President Obama on Wednesday accused Republicans of wanting to take the nation “back to policies more suited to the 1950s than the 21st century” during a campaign stop aimed at securing support from women.
Stumping on a two-day, four-stop swing through Colorado — a state where Obama needs strong turnout from women in November — the president sought to hammer home the benefits his healthcare law includes for families, such as free mammograms and contraception and cancer screenings with no co-pay.
But the president also emphasized the differences between him and his opponent, Republican presumptive presidential nominee Mitt Romney, who he said would take the Affordable Care Act and “kill it dead” on his first day in office.
“The decisions that affect a woman’s health aren’t up to politicians or insurance companies, they’re up to you,” Obama said during a fiery speech in Denver before a crowd of nearly all women.

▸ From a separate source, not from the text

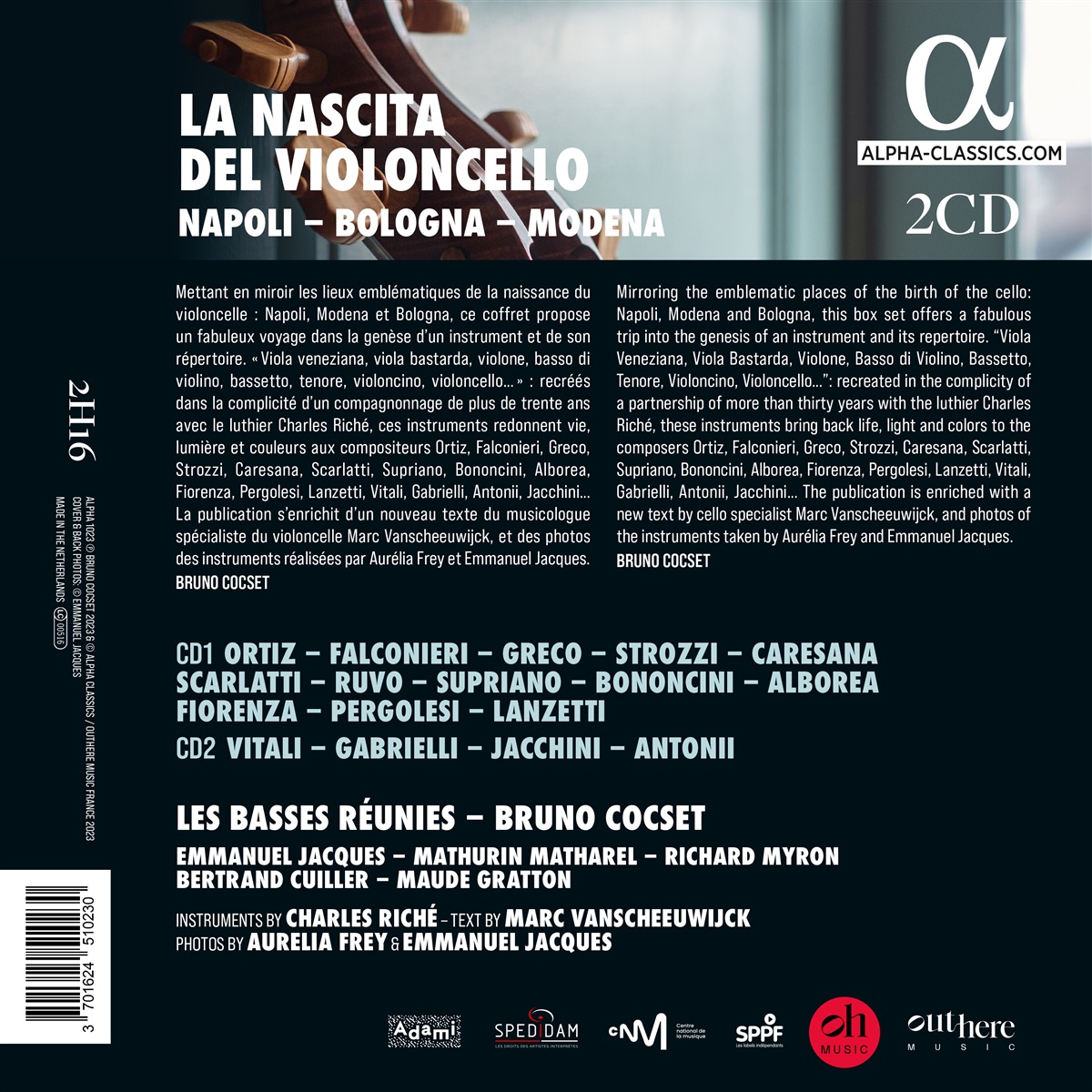 La Nascita del Violoncello: Die Geburt des Violoncellos. Bruno Cocset vervollständigt seine Entdeckungsreise mit dieser CD-Buch-Edition, die er 2011 startete. Die damals erste Aufnahme, die sich um Bologna und ihre Komponisten (Vitali, Gabrielli, Jacchini) dreht, wird in dieser Box wiederveröffentlicht und Cocset präsentiert mit den Musikern von Basses Réunies außerdem eine neue Aufnahme, die Neapel gewidmet ist. Dabei reicht das Spektrum vom Renaissance-Komponisten Diego Ortiz bis zu Lanzettis galantem und virtuosem Cellowerk und bietet zwei verschiedene Blickwinkel, um die Identität dieses Instruments besser zu begreifen. Die hier verwendeten Instrumente - Cocset spielt insgesamt zehn - zeugen sowohl von der Entwicklungsgeschichte des Instruments als auch von der Verbindung des Musikers mit seinem Geigenbauer Charles Riché.

Targeting Romney specifically, Obama said, “He said he’d ‘get rid of’ Planned Parenthood,” as the crowd booed.
“He joined the far right to support a bill that would allow an employer to deny contraceptive coverage to their employees,” Obama added. “Let me tell you something, Denver — I don’t think your boss should control the care you get. I think there is one person who should make decisions on your healthcare, and that person is you,” the president said.
Obama was introduced to the Denver crowd by Sandra Fluke, the recent law school graduate who wound up at the center of controversy earlier this year after she was targeted by Rush Limbaugh for publicly supporting the administration's contraception coverage mandate.